Considering hit points are a function of level, and level is a function of lived experience, I could certainly see an argument for amnesia depleting your hit points in a D&D setting.You need to know your character history to figure it out? Sorry, bud, your character got amnesia. Makes no odds to accurately playing their health in all the systems above. But how many D&D hit points do you have now? How do you feel right now? Or does your amnesiac character forget their hitpoints?
That is how Stress works in Fate too.

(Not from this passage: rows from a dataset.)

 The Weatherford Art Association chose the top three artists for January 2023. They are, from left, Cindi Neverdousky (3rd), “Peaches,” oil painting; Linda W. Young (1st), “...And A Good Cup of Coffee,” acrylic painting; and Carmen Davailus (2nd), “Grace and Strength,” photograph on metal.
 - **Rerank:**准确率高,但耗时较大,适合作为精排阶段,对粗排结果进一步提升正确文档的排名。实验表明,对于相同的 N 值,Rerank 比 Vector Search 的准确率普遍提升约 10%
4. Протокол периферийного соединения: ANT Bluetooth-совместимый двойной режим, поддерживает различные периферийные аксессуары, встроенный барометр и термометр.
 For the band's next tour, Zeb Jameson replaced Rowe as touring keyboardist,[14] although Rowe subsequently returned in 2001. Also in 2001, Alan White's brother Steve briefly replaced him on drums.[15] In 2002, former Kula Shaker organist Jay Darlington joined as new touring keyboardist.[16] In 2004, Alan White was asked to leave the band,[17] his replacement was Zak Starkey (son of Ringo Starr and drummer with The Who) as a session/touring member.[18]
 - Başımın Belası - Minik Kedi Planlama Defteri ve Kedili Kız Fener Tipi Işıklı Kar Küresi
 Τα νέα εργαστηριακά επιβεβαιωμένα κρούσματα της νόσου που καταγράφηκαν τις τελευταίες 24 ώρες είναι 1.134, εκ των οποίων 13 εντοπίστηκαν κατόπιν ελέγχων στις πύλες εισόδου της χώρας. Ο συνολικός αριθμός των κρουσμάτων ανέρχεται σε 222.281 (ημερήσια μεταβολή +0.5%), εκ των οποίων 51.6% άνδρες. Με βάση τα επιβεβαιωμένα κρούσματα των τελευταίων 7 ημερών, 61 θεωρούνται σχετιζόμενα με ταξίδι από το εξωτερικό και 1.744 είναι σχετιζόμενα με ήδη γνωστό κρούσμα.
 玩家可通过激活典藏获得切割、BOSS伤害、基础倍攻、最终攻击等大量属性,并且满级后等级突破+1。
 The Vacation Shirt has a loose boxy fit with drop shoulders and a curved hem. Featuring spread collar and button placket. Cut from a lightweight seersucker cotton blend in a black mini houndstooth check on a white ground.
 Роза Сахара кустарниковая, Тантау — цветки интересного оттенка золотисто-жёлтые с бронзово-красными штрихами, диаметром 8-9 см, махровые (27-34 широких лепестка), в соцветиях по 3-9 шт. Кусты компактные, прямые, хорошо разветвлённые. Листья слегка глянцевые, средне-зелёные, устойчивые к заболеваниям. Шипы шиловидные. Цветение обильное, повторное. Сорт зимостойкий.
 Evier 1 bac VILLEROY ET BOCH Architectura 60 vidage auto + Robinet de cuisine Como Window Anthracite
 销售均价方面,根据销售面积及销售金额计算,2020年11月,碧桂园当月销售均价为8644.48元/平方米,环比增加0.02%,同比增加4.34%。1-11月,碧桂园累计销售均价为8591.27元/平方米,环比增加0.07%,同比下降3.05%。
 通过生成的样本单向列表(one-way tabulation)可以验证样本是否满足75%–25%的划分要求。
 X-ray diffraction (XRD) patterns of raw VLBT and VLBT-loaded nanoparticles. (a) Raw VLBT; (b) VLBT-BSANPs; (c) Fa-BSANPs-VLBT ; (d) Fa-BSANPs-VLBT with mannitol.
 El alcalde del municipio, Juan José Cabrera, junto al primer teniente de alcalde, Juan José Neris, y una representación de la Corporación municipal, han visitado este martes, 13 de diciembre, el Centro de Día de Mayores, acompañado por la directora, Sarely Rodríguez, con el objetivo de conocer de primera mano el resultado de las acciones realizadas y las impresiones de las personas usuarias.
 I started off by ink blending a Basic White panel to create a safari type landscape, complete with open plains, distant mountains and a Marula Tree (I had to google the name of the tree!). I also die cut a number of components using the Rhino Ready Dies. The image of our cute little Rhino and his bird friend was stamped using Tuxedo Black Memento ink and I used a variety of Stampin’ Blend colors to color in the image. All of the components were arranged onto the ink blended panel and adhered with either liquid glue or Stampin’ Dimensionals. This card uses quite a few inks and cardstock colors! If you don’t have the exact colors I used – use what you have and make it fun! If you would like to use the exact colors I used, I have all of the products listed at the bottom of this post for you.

Consequences can put more "meat" on the character, but Stress boxes are functionally as you describe here.
more and more i come to the conclusion that the meaning of metagame is "whatever i need it to be to fusss about something i dislike."
"Like the vast, overwhelming majority of gamers, I'm perfectly happy to blend roleplaying, powergaming, and metagaming in equal measure. "Exactly. You can take literally any mechanic and make arguments about how it is or is not meta, as you like. That's all Emerikol is doing. He has preferences...logically consistent preferences, I will grant...for the kinds of mechanics he likes, which is cool (if a bit quixotic, given his specific flavor of zealotry). The rest is just an attempt to persuade others, despite protestations to the contrary, that he's "right". Whatever that means.
This discussion is an amusing diversion in between actual game sessions, but it's pointless. Like the vast, overwhelming majority of gamers, I'm perfectly happy to blend roleplaying, powergaming, and metagaming in equal measure. I just want to be immersed in a good story while killing monsters and taking their stuff. I don't need anybody at the table to be "in character" for that to happen.